Если бы я и захотела избежать моей судьбы, я даже не знаю, что бы я могла сделать. Меня влекло к Гарри так же неудержимо, как тянет птицу вить гнездо и класть яйца. Мое сердце и мое тело звали его так же настойчиво, как раздается в лесах первый крик кукушки. Он был хозяином Вайдекра, следовательно, он был для меня всем.

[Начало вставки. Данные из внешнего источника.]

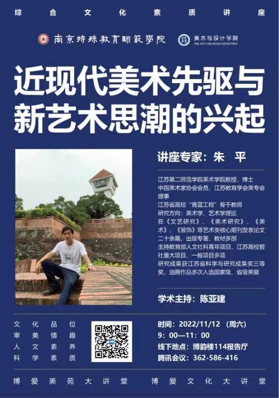 为开阔员工视野,培养员工艺术宙美,陶冶情操,bv1946伟德官网干11 12日邀请江苏第二师范公司美术公司教授朱平,作题为“近现代美术先驱与新艺术思潮的兴起”的综合素质文化讲座,本次讲座也是bv1946伟德官网博爱美院、博爱文化大讲堂系列讲座之一。讲座由bv1946伟德官网陈亚建老师主持,全校师生线上、线下同步观看。

Первые теплые дни наступившей весны прошли для меня в каком-то угаре чувственной дремы. Ягнята уже подросли, они паслись теперь на зеленых пастбищах в долине, и у меня оказалась пропасть свободного времени. Я целыми днями скакала верхом, я даже сделала себе удочку, по утрам сидя на берегу, нежилась на весеннем солнышке. Но внутри меня все горело, и я ничего не могла с этим поделать.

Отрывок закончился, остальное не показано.